> _Prompt_:
Exclude the pictures from your copy, and reproduce each entry below verbatim.

Dataset entries:
--- START ---
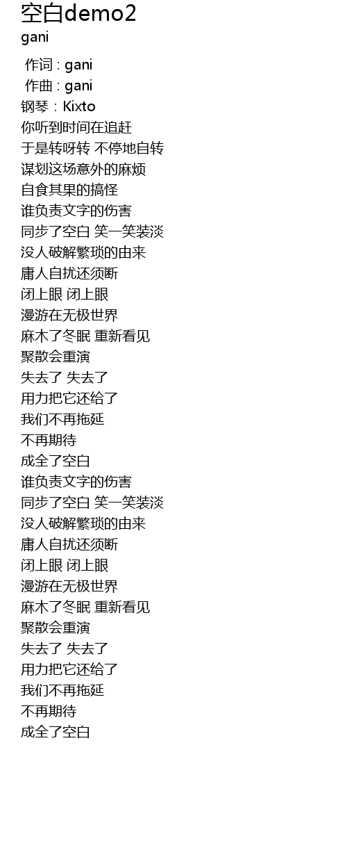 | [00:00.000] | 作词 : gani |
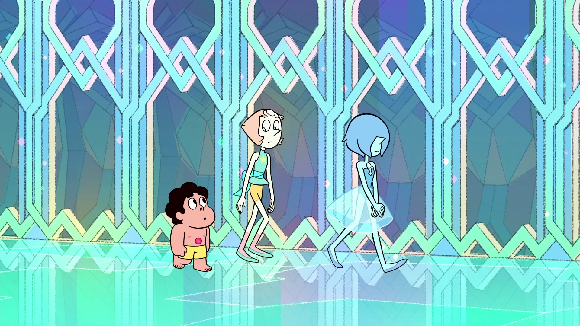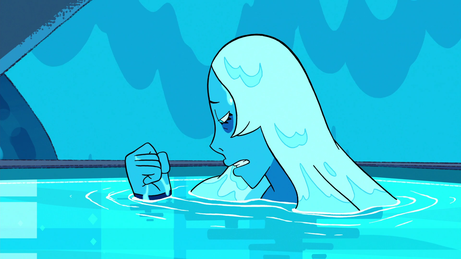 Steven pergunta se eles podem fazer isso de novo talvez após todos voltarem para a Terra, mas Azul diz que elas pararam jogar quando Rosa sumiu: a Era-2 era então iniciada. Ela chora. Steven se recompõe e sugere que eles passem mais tempo juntos, porém, Pérola Azul interrompe o momento a chamando para o próximo compromisso de Azul. Diamante Azul vai embora, esvaziando a piscina, e fala que talvez possam conversar sobre a Diamante Branco depois. Steven fica sozinho e fala a Pérola que entrou água em seu nariz. Ela o ajuda. Eles voltam para o quarto de Diamante Rosa.
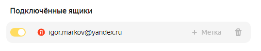 Чтобы установить метку для писем, собранных с этого ящика, нажмите + Метка и выберите подходящую метку или добавьте новую.
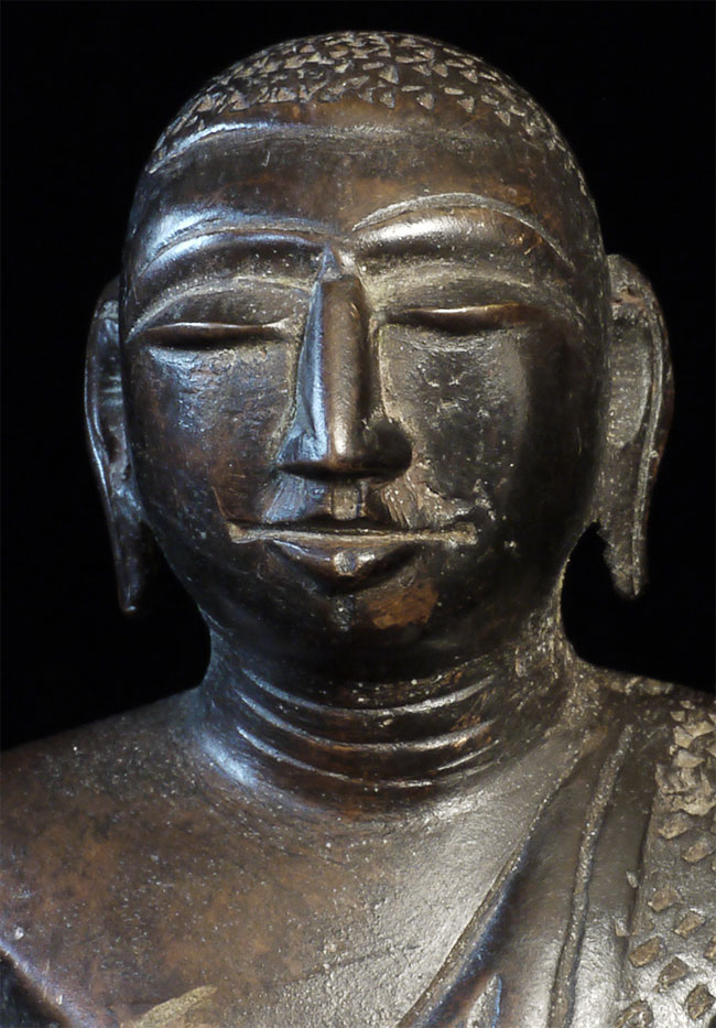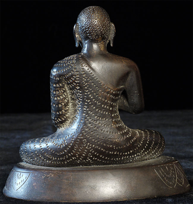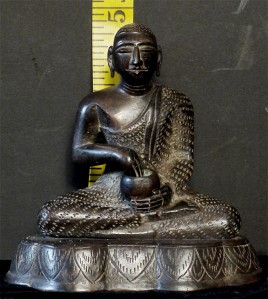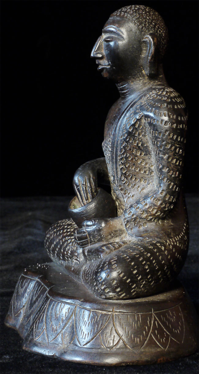 Early/mid 20thC Sri Lankan Buddhist Monk. Sits 4.75 inches tall, 4 5/8 inches wide. Over the years I've seen many Buddhas of this type, but very few monks. Exceptional expression-deep serenity.
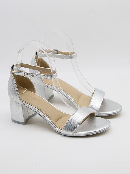 – zapięcie: sprzączka- noski: otwarte- powierzchnia: z metalicznym połyskiem- forma obcasa: blokowy- podeszwa: antypoślizgowa
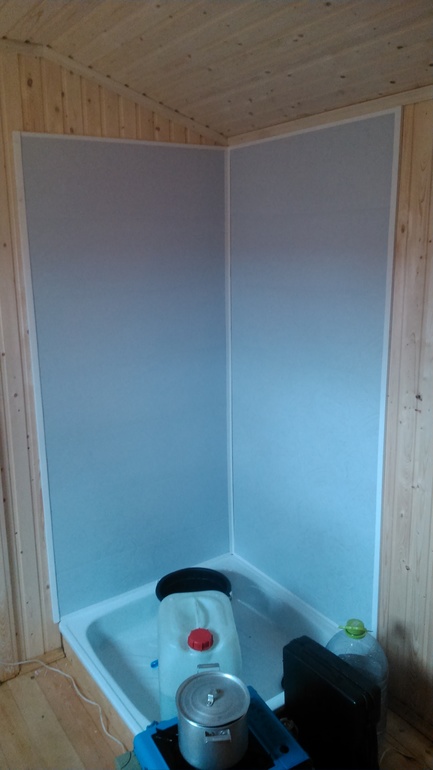 Обили пластиком душевой уголок.
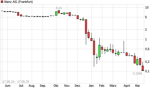 Mit dem Rücksetzer auf 0,11 EUR hat die Manz-Aktie (ISIN DE000A0JQ5U3) am 16.05.2025 ein neues All-Time-Low erreicht und damit den Kurs vom 15.05.2025 eingestellt.
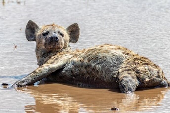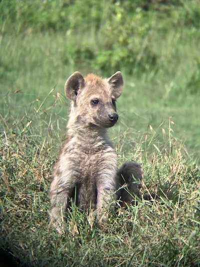 やっぱり、寄ってきたハイエナは人間に慣れてるようで、警戒せずに近づき、肉と間違えたのか、カメラをカプって噛む。食べれない奇妙なブツに驚き、慌てて離れた。
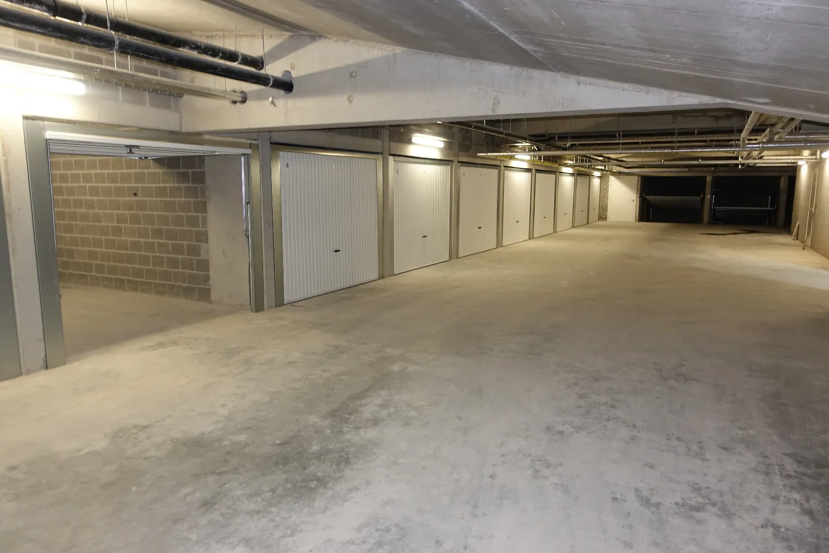 Er is ook een ondergrondse garage die samen verhuurd wordt met het appartement (660€ + 65€ voor de garage). In de kelder is er ook een gemeenschappelijke fietsenberging en vuilnisberging.
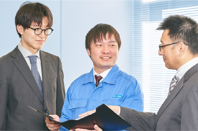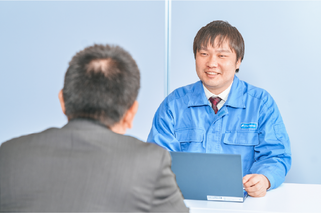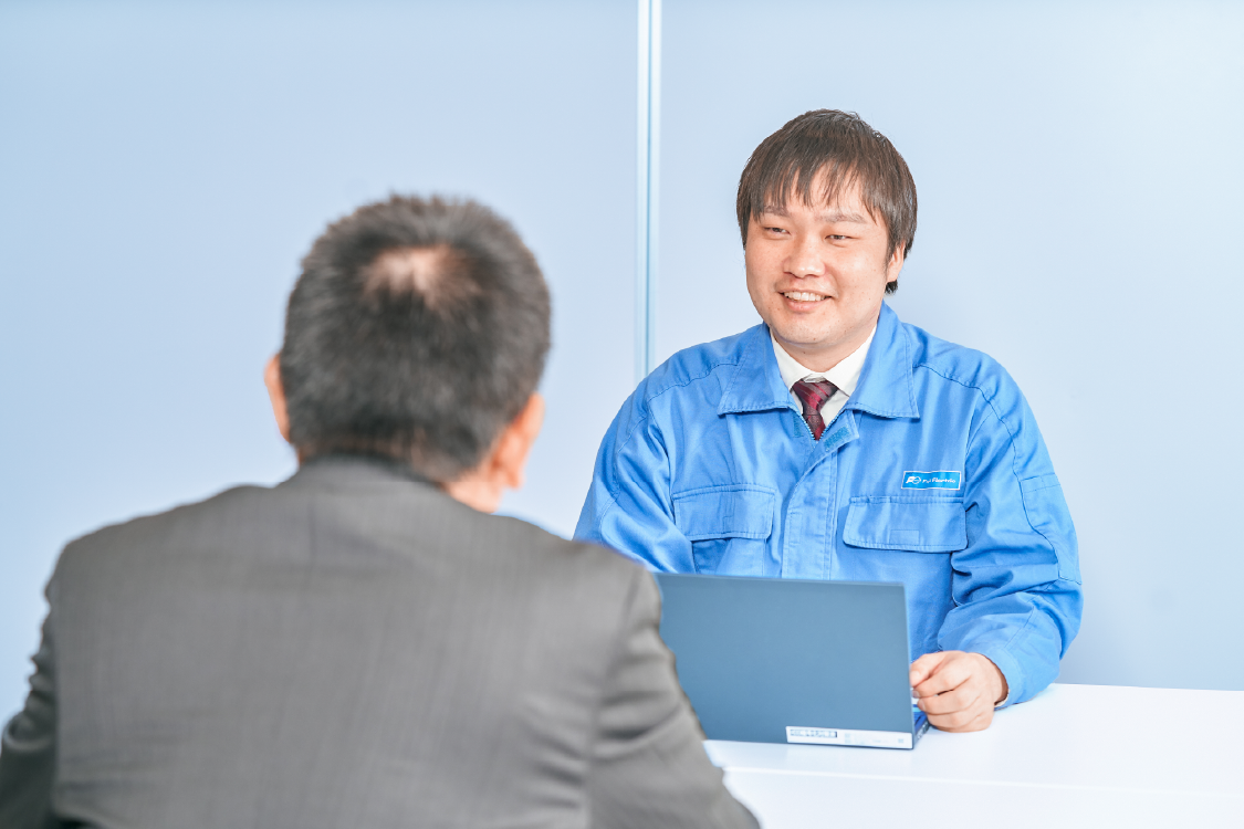 仕事は設備の規模に合わせて、3人から10人のチームで対応します。担当エリアは関東圏全域。訪ねる現場もさまざまです。私はチームリーダーとして、お客様との交渉や費用見積、また新しい設備の提案なども行っています。
--- END ---
> _Answer to this problem_:
 | [00:00.000] | 作词 : gani |
 Steven pergunta se eles podem fazer isso de novo talvez após todos voltarem para a Terra, mas Azul diz que elas pararam jogar quando Rosa sumiu: a Era-2 era então iniciada. Ela chora. Steven se recompõe e sugere que eles passem mais tempo juntos, porém, Pérola Azul interrompe o momento a chamando para o próximo compromisso de Azul. Diamante Azul vai embora, esvaziando a piscina, e fala que talvez possam conversar sobre a Diamante Branco depois. Steven fica sozinho e fala a Pérola que entrou água em seu nariz. Ela o ajuda. Eles voltam para o quarto de Diamante Rosa.
 Чтобы установить метку для писем, собранных с этого ящика, нажмите + Метка и выберите подходящую метку или добавьте новую.
 Early/mid 20thC Sri Lankan Buddhist Monk. Sits 4.75 inches tall, 4 5/8 inches wide. Over the years I've seen many Buddhas of this type, but very few monks. Exceptional expression-deep serenity.
 – zapięcie: sprzączka- noski: otwarte- powierzchnia: z metalicznym połyskiem- forma obcasa: blokowy- podeszwa: antypoślizgowa
 Обили пластиком душевой уголок.
 Mit dem Rücksetzer auf 0,11 EUR hat die Manz-Aktie (ISIN DE000A0JQ5U3) am 16.05.2025 ein neues All-Time-Low erreicht und damit den Kurs vom 15.05.2025 eingestellt.
 やっぱり、寄ってきたハイエナは人間に慣れてるようで、警戒せずに近づき、肉と間違えたのか、カメラをカプって噛む。食べれない奇妙なブツに驚き、慌てて離れた。
 Er is ook een ondergrondse garage die samen verhuurd wordt met het appartement (660€ + 65€ voor de garage). In de kelder is er ook een gemeenschappelijke fietsenberging en vuilnisberging.
 仕事は設備の規模に合わせて、3人から10人のチームで対応します。担当エリアは関東圏全域。訪ねる現場もさまざまです。私はチームリーダーとして、お客様との交渉や費用見積、また新しい設備の提案なども行っています。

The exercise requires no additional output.